От субботы до воскресенья бродит по городу, ошалело улыбаясь, курсант. Рядом идет его уставшее чудо. Зеленая скамейка поблескивает под фонарем свежевыкрашенной спинкой. Алька смотрит на нее нерешительно.

— Если я сяду, то не встану.

— Почему?

— Туфли новые.

— Надо было сразу после Невы на трамвай, и через тридцать пять минут дома.

— А я не хотела через тридцать пять минут… Я тебя не видела целых две недели.
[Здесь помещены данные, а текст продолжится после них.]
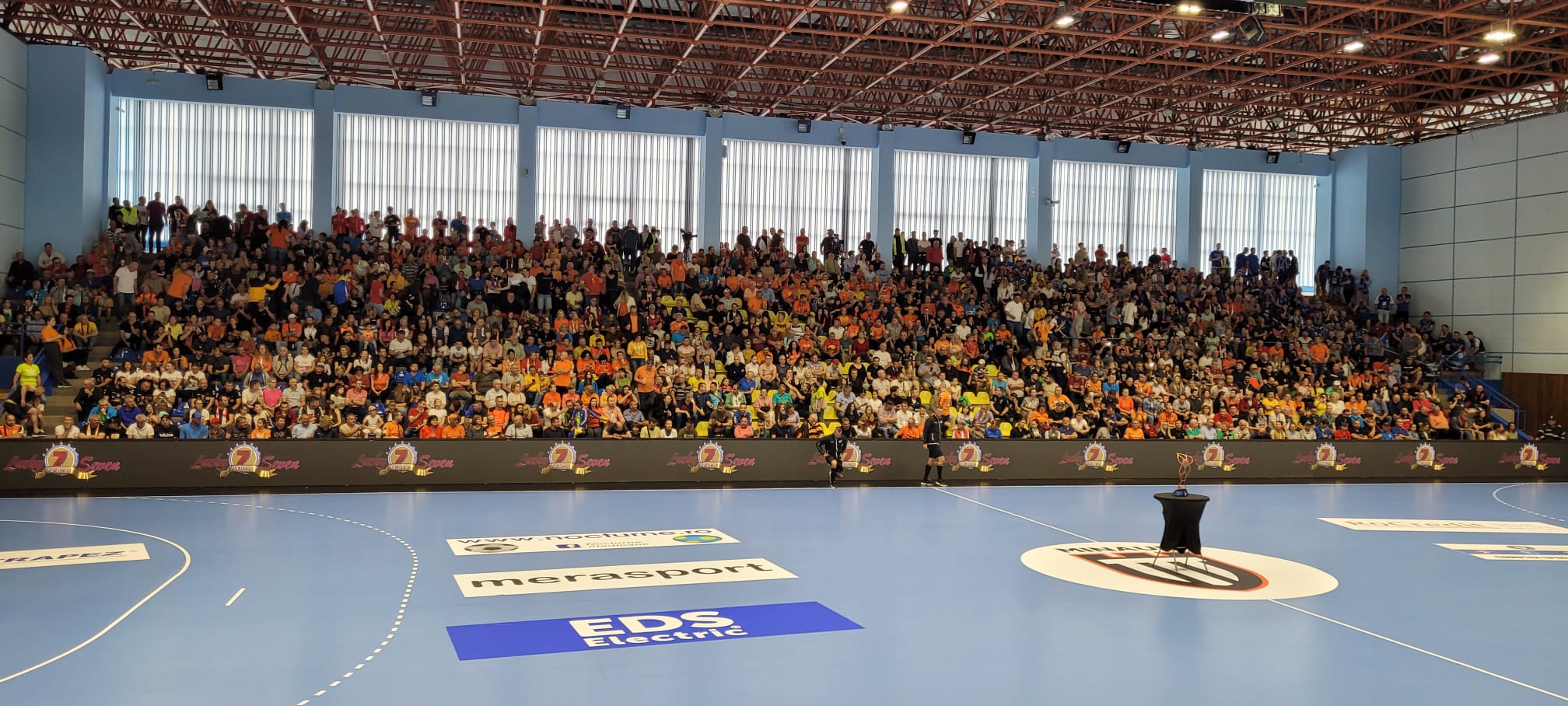 În sala polivalentă „Lascăr Pană” din Baia Mare, primul gol s-a marcat abia după 5 minute de joc și l-au reușit norvegienii, prin Haugseng.

— Знаешь, я тебя вижу и сразу глупею.

— Вот и на мои туфли внимания не обратил.

— Сейчас рассмотрю.

— Ой, Юрка, глупый, я ведь ух как много вешу.

— Нет, мало.

— Я думала, что девушек на руках только в кино носят. Ты устал?

— Нет.

— Значит, сильный, теперь я знаю. А то девчонки спрашивают, а я все думаю, что им сказать.

— Скажи, не ваше дело.

— Глупый, мне ведь похвастать хочется.

— Ну вот.

— Ага. У тебя руки как железки. Приятные железки. Это гимнастика?

— Да.

— А разряд какой-нибудь есть?

— Второй.

— Хорошо, но лучше бы первый.

— Почему?

— За Верой перворазрядник ухаживает, и она хвастает.

— Ладно. Я получу первый.

— И перестанешь меня бояться? Да?

— Я тебя потерять боюсь. Вокруг столько красивых перворазрядных гадов.

— Я не потеряюсь. Только теперь совсем домой пора.

Вечер кончается где-то у хвоста Большой Медведицы, но Алькина мама все-таки дневалит у подъезда.

— Здравствуйте, Екатерина Сергеевна, — почтительно произносит Юрка, но она, наверно, не слышит.

Екатерина Сергеевна вскидывает красивую голову:

— Пора кончать с детскими капризами. — Полные руки описывают плавную кривую, и Юрка чувствует, что для него около Альки не остается места.

Алька наклонила голову, словно собирается бодаться. Потом поворачивается к Юрке:

— Я тебя жду, очень жду.

Лишь теперь Екатерина Сергеевна замечает Юрку.

— Приходите, приходите, мы рады вас изредка видеть. — И Альке так, словно они здесь только вдвоем: — Ты думаешь, он станет адмиралом? Странное это занятие — быть военным в мирное время.

— Я тебя жду, Юра, как договорились, — говорит Алька. Она хочет еще что-то сказать, но Екатерина Сергеевна распахивает дверь подъезда. Алька машет рукой, ныряя в парадное.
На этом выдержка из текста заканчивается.